TASK STATEMENT -
Would you return the lines between the one holding "De waterdruppels zijn" and the one holding "Trained on images", inclusive, and only those, exactly as they stand in the listing below?

RECORDS FOR THE EXERCISE -
■ ■ ■

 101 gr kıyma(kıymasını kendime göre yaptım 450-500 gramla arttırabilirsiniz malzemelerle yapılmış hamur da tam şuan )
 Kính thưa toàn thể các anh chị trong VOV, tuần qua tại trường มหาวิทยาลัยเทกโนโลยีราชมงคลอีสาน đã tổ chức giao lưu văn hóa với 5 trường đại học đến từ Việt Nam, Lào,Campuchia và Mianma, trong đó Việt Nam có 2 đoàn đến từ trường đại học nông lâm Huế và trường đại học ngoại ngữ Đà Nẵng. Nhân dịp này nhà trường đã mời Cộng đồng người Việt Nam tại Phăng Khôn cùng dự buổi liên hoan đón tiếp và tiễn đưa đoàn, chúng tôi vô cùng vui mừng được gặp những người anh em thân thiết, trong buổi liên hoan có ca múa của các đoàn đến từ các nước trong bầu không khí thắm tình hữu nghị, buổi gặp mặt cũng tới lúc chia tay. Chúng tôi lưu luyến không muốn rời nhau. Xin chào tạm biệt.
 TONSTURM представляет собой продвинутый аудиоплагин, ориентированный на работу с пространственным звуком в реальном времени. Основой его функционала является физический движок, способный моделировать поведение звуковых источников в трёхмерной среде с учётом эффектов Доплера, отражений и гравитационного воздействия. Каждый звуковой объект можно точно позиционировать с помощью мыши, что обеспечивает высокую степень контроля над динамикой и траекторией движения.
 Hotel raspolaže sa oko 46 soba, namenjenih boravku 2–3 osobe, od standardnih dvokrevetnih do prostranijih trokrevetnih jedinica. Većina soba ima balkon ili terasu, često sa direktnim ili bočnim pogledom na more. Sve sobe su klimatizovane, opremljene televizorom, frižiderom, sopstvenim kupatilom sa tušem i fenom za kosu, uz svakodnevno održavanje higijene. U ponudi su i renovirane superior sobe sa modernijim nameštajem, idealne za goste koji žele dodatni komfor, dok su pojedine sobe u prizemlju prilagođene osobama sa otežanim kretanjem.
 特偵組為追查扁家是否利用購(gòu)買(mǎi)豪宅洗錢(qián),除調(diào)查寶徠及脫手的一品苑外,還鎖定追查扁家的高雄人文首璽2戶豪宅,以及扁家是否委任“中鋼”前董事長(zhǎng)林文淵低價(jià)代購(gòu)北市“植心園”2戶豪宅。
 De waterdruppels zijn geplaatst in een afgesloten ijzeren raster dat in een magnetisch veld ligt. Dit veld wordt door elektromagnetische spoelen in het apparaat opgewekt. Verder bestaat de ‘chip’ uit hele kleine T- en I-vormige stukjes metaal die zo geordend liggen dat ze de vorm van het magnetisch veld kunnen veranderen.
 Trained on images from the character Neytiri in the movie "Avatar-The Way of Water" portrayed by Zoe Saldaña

■ ■ ■

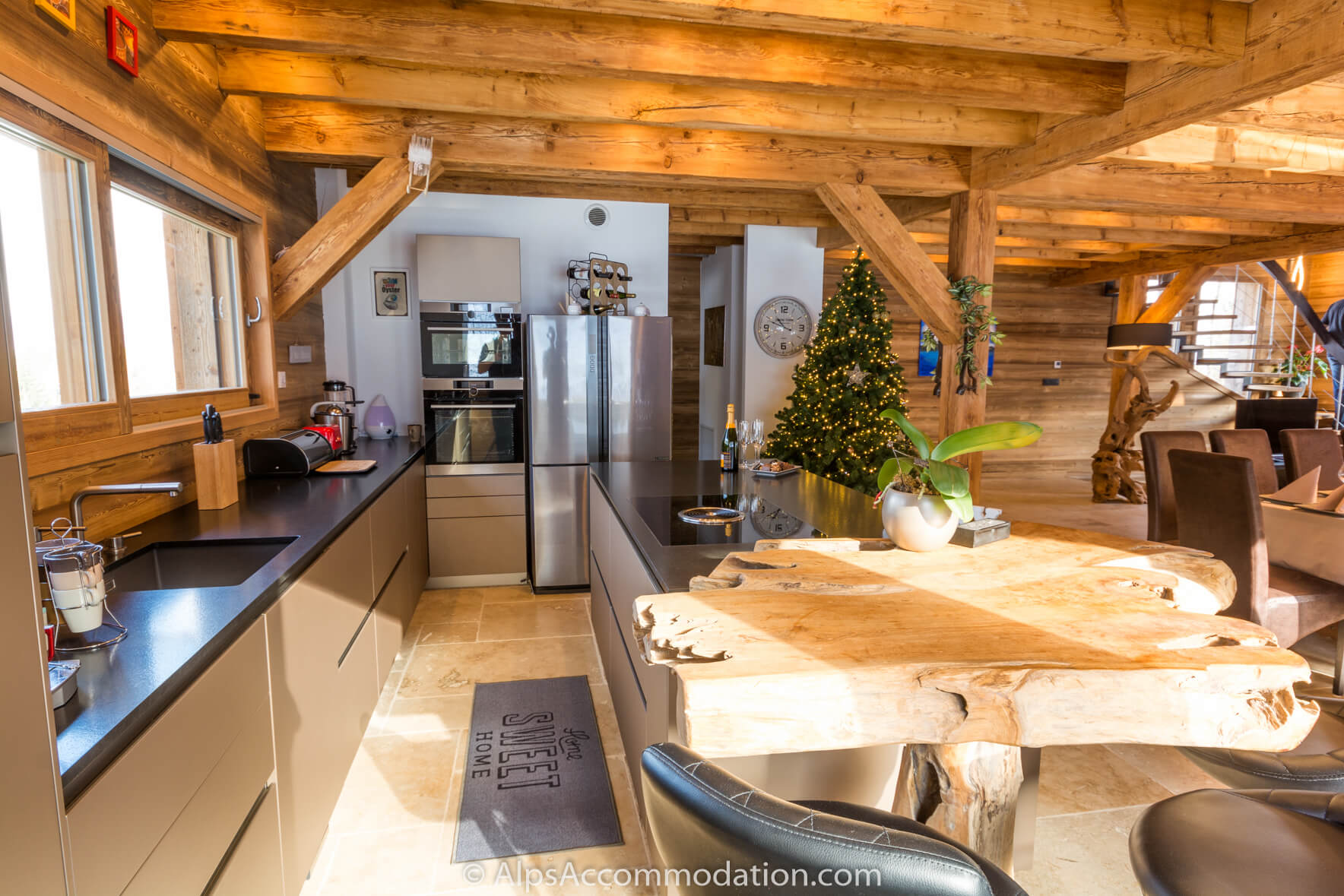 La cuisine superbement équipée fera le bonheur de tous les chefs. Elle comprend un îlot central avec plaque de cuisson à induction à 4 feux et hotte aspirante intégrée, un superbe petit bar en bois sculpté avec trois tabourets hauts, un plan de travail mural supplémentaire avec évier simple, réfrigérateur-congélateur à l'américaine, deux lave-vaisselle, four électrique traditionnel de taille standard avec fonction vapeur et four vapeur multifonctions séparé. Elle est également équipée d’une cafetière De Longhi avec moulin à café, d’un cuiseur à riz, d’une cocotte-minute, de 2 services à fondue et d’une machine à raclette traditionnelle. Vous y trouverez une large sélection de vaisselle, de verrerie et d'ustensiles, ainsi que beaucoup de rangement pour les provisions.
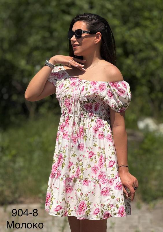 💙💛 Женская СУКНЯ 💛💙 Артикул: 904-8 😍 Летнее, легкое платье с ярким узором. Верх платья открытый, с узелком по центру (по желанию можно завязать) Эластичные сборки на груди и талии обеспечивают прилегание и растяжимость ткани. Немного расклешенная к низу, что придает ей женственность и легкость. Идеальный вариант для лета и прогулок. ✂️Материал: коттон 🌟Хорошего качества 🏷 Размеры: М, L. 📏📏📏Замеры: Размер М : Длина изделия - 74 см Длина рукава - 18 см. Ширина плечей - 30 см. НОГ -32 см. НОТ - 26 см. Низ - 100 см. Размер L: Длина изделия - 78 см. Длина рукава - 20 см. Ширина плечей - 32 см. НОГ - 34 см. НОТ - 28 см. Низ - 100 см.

■ ■ ■

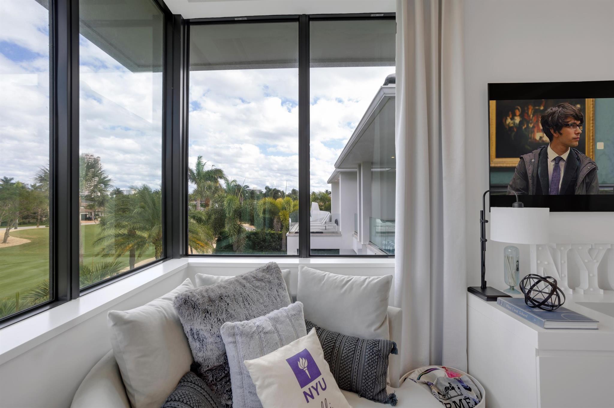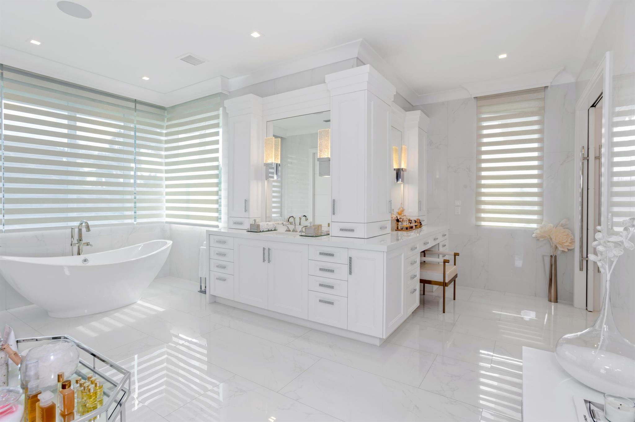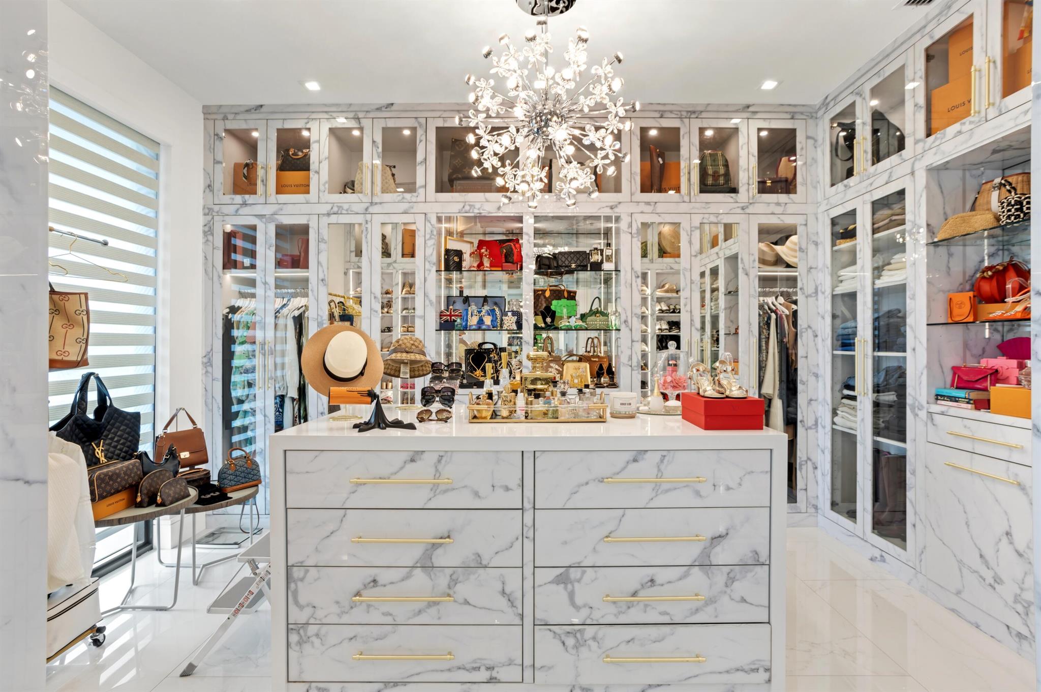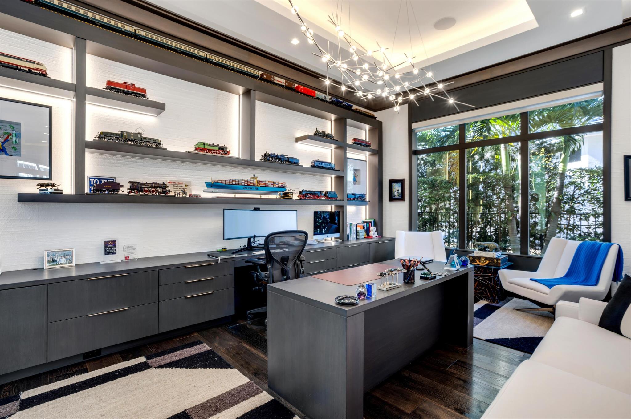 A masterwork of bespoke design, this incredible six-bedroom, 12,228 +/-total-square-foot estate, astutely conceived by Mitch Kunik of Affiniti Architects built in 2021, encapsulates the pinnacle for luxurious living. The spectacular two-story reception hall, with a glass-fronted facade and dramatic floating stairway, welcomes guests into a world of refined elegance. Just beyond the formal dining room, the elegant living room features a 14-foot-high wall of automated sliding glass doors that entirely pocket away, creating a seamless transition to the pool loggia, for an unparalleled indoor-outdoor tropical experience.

■ ■ ■

ANSWER SPACE -
 De waterdruppels zijn geplaatst in een afgesloten ijzeren raster dat in een magnetisch veld ligt. Dit veld wordt door elektromagnetische spoelen in het apparaat opgewekt. Verder bestaat de ‘chip’ uit hele kleine T- en I-vormige stukjes metaal die zo geordend liggen dat ze de vorm van het magnetisch veld kunnen veranderen.
 Trained on images from the character Neytiri in the movie "Avatar-The Way of Water" portrayed by Zoe Saldaña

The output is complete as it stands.